By Ahmet Gencturk
ATHENS (AA) – Advancements in relations between the European Union and Türkiye are linked to progress on the Cyprus problem, Greek Prime Minister Kyriakos Mitsotakis said Wednesday.
Recalling that EU-Türkiye relations are among the topics to be discussed during a special meeting of the European Council in Brussels, Mitsotakis said: “For the moment, I am satisfied with the conclusions we have reached, which recognize the fact that relations between the European Union and Türkiye may progress, but always within the framework of the decisions taken by the European Council in recent years.”

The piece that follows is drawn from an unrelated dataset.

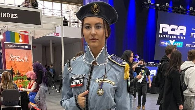 8 21 Second Lieutenant Lamia Personal Officer recruiting new colonists in the name od Adria Corp. #NFTGaming #cosplay 21/10/25 16:12
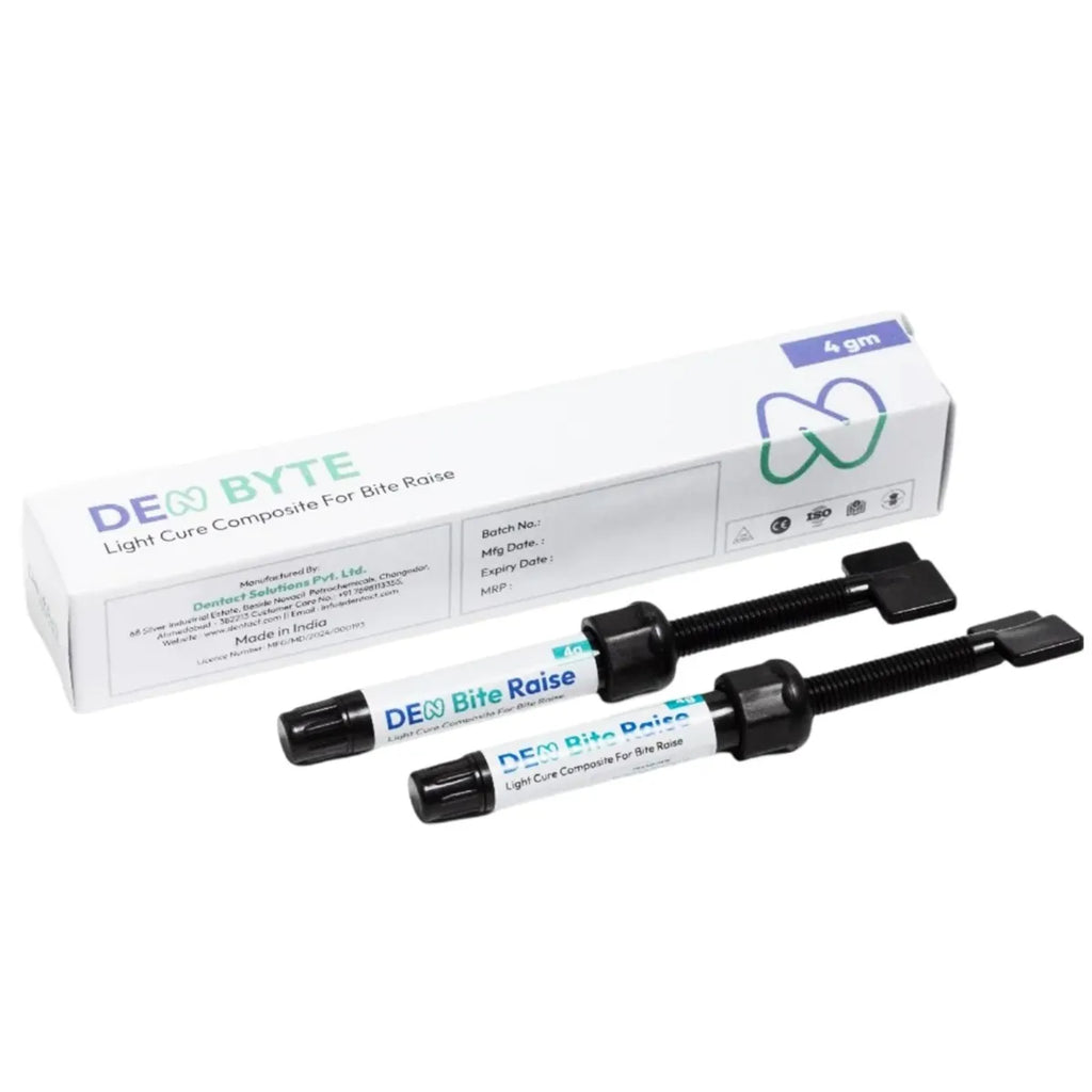 DentAct Den Byte is a high-quality, blue-colored packable composite designed to facilitate precise bite adjustments during orthodontic treatments. This advanced material effectively raises the bite with its stable and easily manipulated consistency, ensuring reliable occlusal changes and patient comfort. Den Byte stands out with its visible blue color, which contrasts well against tooth structure for improved visibility during application and removal. The composite features quick and reliable light-cure technology, allowing for rapid polymerization and robust durability. It is ideal for managing various orthodontic needs, including deep bite cases, crossbite management, and space creation for tooth movement. Den Byte also provides essential temporary occlusal support and is suitable for use with fixed and functional orthodontic appliances. The smooth, biocompatible finish enhances patient comfort by reducing irritation and preventing trauma to opposing teeth. For optimal results, the product is easy to apply and shape, ensuring a customizable fit that maintains occlusal stability throughout treatment. DentAct Den Byte is stored at room temperature and used with standard safety precautions, making it a reliable choice for effective bite management in orthodontics.

“I welcome the fact that there is an explicit reference linking the progress of EU-Türkiye relations with the progress that can be made on the Cyprus issue,” he added.
Maintaining that the UN Security Council’s related resolutions are the only framework within which the Cyprus problem can be resolved, he said: “We express our expectation that this new effort, which is being made under the new UN envoy, will finally be able to bear fruit.”
Cyprus has been mired in a decades-long dispute between Greek Cypriots and Turkish Cypriots, despite a series of diplomatic efforts by the UN to achieve a comprehensive settlement.
Ethnic attacks starting in the early 1960s forced Turkish Cypriots to withdraw into enclaves for their safety.
In 1974, a Greek Cypriot coup aimed at Greece’s annexation of the island led to Türkiye’s military intervention as a guarantor power to protect Turkish Cypriots from persecution and violence. As a result, the Turkish Republic of Northern Cyprus (TRNC) was founded in 1983.
It has seen an on-and-off peace process in recent years, including a failed 2017 initiative in Switzerland under the auspices of guarantor countries Türkiye, Greece and the UK.